The trade-off is clear: indices are transparent and objective but may be less relevant for companies in niche sectors, while custom peer groups can provide a sharper performance comparison and the ability to control the sample size but require more judgment and justification in their selection.

CAP cautions companies using sector indexes to carefully consider the constituents included, as they may be reclassified over time. For example, due to changes in GICS codes during 2023, “Data Processing & Outsourced Services” (e.g., Broadridge Financial) and “Human Resources and Employment Services” (e.g., Paycom Software) are now grouped in the S&P 500 Industrials sub-industry index alongside traditional industrial companies such as Boeing and Deere. This blending of fundamentally different business models can distort performance comparisons within the index, meaning rTSR results may reflect shifts in sector makeup rather than true differences in company performance.

Absolute TSR Caps

One-third of companies build in a safeguard for down markets: an absolute TSR cap that limits payouts when shareholder returns are negative, no matter how strong relative performance is.

The prevailing approach, used by 95% of companies with a cap, is to limit payouts to 100% of target. Outliers to this practice include capping at 125% or 150%, zeroing out payouts entirely, or reducing them by a fixed percentage (e.g., -20%). It is important to note that these caps most often apply only to the rTSR portion of awards, rather than the entire award, although some companies do apply the cap to the full payout.

These provisions resonate with investors because they prevent windfall payouts in down markets and help manage share usage when stock prices are depressed.

Performance Periods

Three-year performance periods are nearly universal in rTSR plans (99.3% of companies). Just one company each uses a two-year or a four-year performance period.

While most measure rTSR cumulatively over the full period, a small subset (3%) calculates rTSR for each interim period and then average the results, a design most often seen when rTSR is the only metric used for PSU payouts. This approach smooths the impact of performance spikes or dips in any single year and reduces reliance on a single measurement window.

Stock Price Measurement Methodology

While rTSR is ultimately a measure of return, how companies measure the starting and ending stock prices varies.

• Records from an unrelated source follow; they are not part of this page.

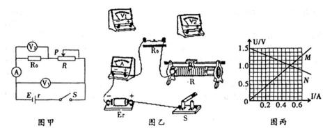 (3)实验中移动滑动变阻器触头,读出电压表Vl和V2的多组数据U1、U2,描绘U1—U2图象如图丙所示.图中直线斜率为k与横轴的截距为a,则两节干电池的总电动势E=_____,总内阻r=______(用k、a 、R0表示)
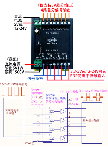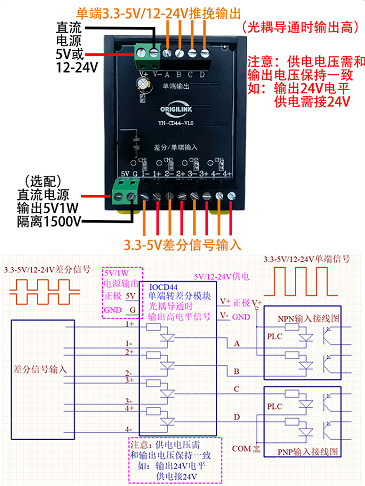 输入信号支持NPN、PNP信号输入,黑色外壳款增加支持差分信号输入。
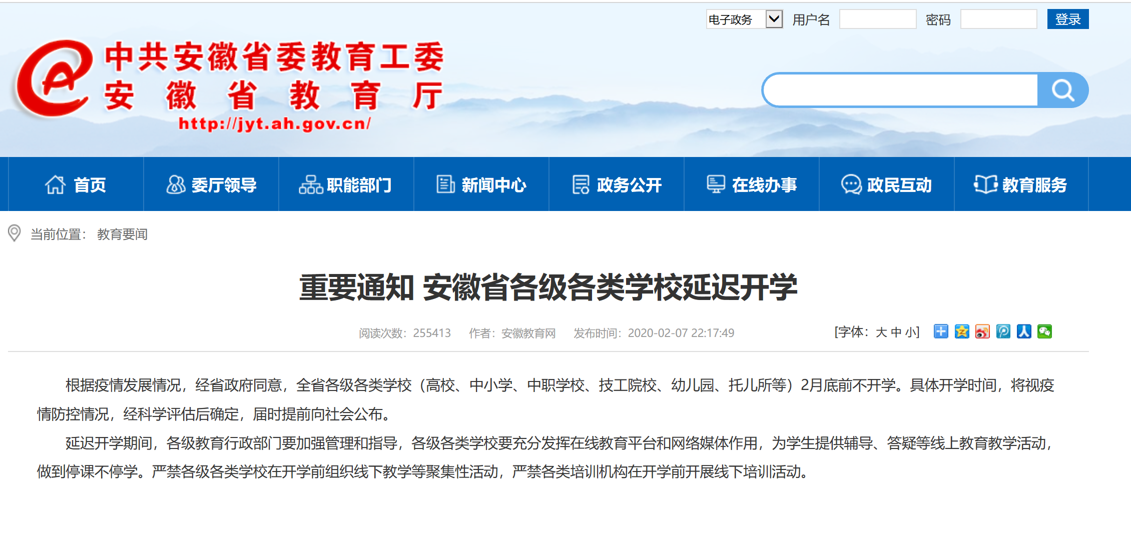重要通知:安徽省各級各類學(xué)校延遲開學(xué)
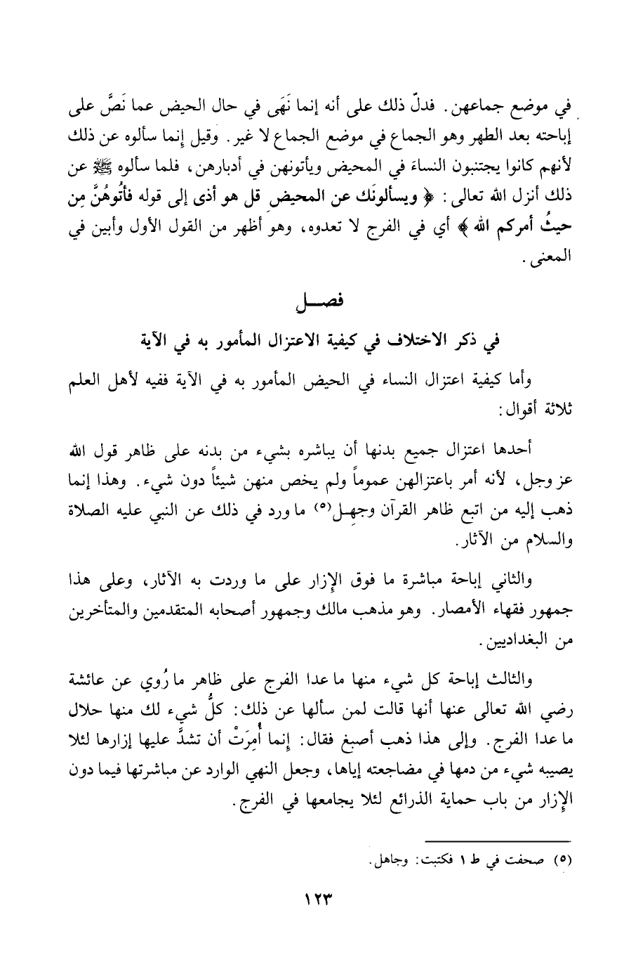 في ذكر الاختلاف في كيفية الاعتزال المأمور به في الآية
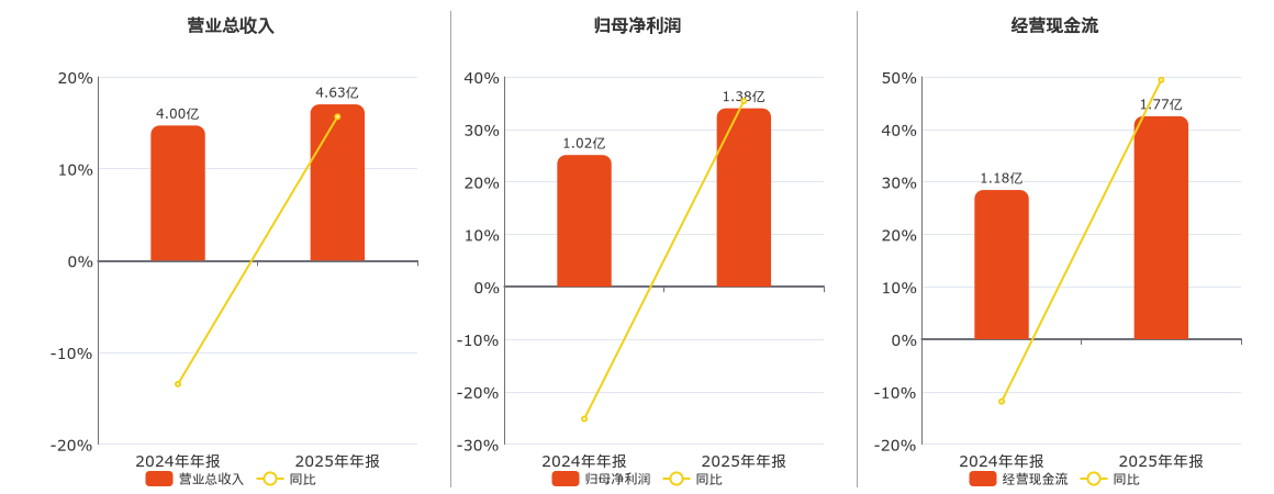 公司营业总收入为4.63亿元,在已披露的同业公司中排名第73。归母净利润为1.38亿元。经营活动现金净流入为1.77亿元。
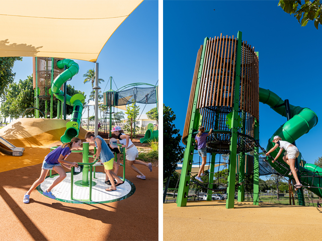 At the heart of WillPlay's contribution is their end-to-end service. The company meticulously designed the Moore Park Beach playground, manufactured the components in their Bundaberg facility, and expertly installed the entire space. The undisputed star of this new play haven is a bespoke 7.3-metre-high play tower. This impressive, custom structure, a hallmark of WillPlay's Bespoke Systems range, offers challenging climbs and rewards adventurers with stunning coastal views before they brave an exhilarating 7.3-metre slide back down. It's a feature guaranteed to capture the imagination and test the limits of older children and teens.

Averaging is by far the dominant approach. 90% of companies smooth volatility by averaging stock prices at the beginning and end of the period, compared to just 10% that use a simple point-to-point calculation.

Companies describe these averaging windows in either trading days or calendar days, with disclosures split roughly evenly (53% vs. 47%). Standardizing them so that 30 calendar days is roughly equivalent to 20 trading days reveals a strong clustering around one month: half of companies use a one-month average. Another 22% use periods between one and three months, most often 45 days (~30 trading days) or 60 days (~40 trading days). About 12% use a three-month period (90 days), while 12% use less than one month, most commonly 20 days (~9% of all companies). Longer averaging windows are rare, with only 4% exceeding three months, including one notable outlier, Ball Corporation, which averages a full year at both the front and back ends of the performance period.

These kinds of design decisions, whether on averaging periods, comparator groups, or rTSR’s role in the PSU design, highlight that even within a framework of well-established norms, companies regularly make adjustments to fit their own circumstances.

Conclusion and Takeaways

Relative TSR design follows well-established patterns, but most programs include elements of customization that stray from the norms. In CAP’s view, the two most critical levers are:

1. Implementation method: weighted metric or modifier, and magnitude

2. Comparator group selection: relevant, competitive, and statistically sound

Understanding prevailing market norms is essential for benchmarking and credibility, but awareness of less common, more unique designs is equally valuable. These “fringe” approaches can be just as effective, and sometimes better, in aligning pay with performance when they are thoughtfully matched to a company’s specific goals and circumstances.